Fashion Week Goes Digital

Mercedes-Benz Fashion Week is adding some updated digital technology components for its debut turn at Lincoln Center next week. Fashion is an industry that loves the tangible, from tear sheets to big, glossy magazines, right on down to U.S. postal service-delivered invitations for Fashion Week. And while paper hasn't gone away completely, this season marks a major digital overhaul for Fashion Week festivities.

This year, attending the shows at Lincoln Center will feel a little bit like going to the airport. Registered press with photo-personalized credentials and invited guests will be electronically registered on designer invitation lists and seating grids. All one has to do is walk up, scan a barcode—most likely received via e-mail—at a self-service kiosk, and take their printed ticket to the door.
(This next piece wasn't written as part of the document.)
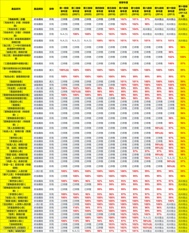 如图所示,五六十款分红产品,相当多的都是有10年以上的分红率数据,可以看到基本都在97%-106% 区间。
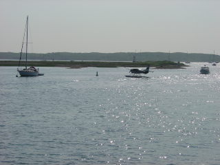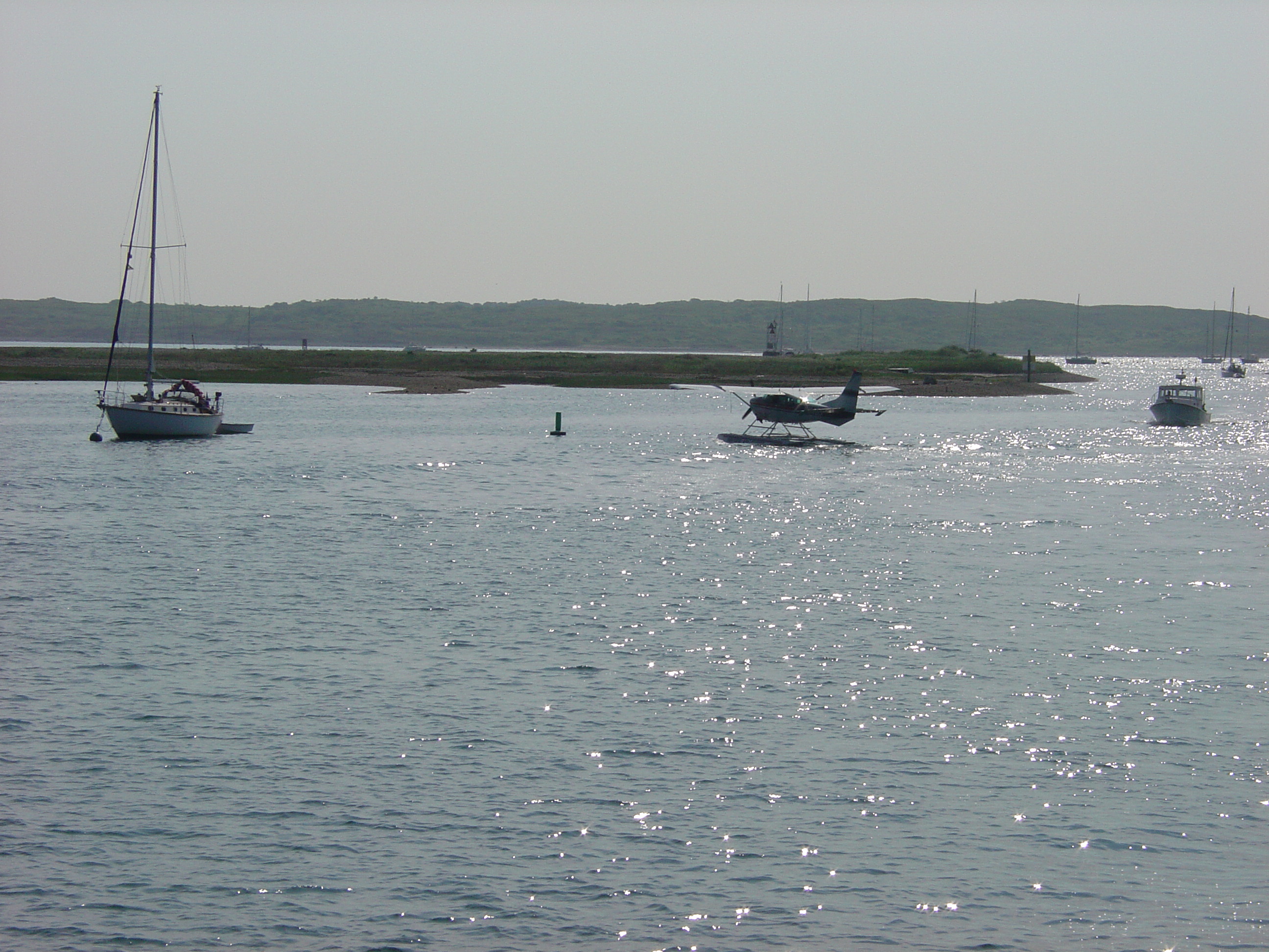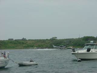 | Sea plane landing among boats at Cuttyhunk | Inner harbor at Cuttyhunk |

With 80 percent of participating designers having singed on to try out the new system, there are still a few stragglers relying on old-fashioned paper invites. Those, along with last-minute invitees and/or folks who prefer the older method can still check in with a human, albeit one with a computer, instead of a clipboard.

Mercedes-Benz Fashion Week partnered with Control Group and Fashion GPS to streamline the RSVP process, promising to make the often crowded and dizzying check-in process a less stressful affair—though the heightened security involved in registration might not bode well for party crashers.

In tandem with the enhanced on-site experience, Tender has created a new website that provides the requisite event information, but delves deeper with designer bios and direct linkage to e-commerce and independent live-streams of shows, offering anyone—anywhere—a chance to get in on the Fashion Week action.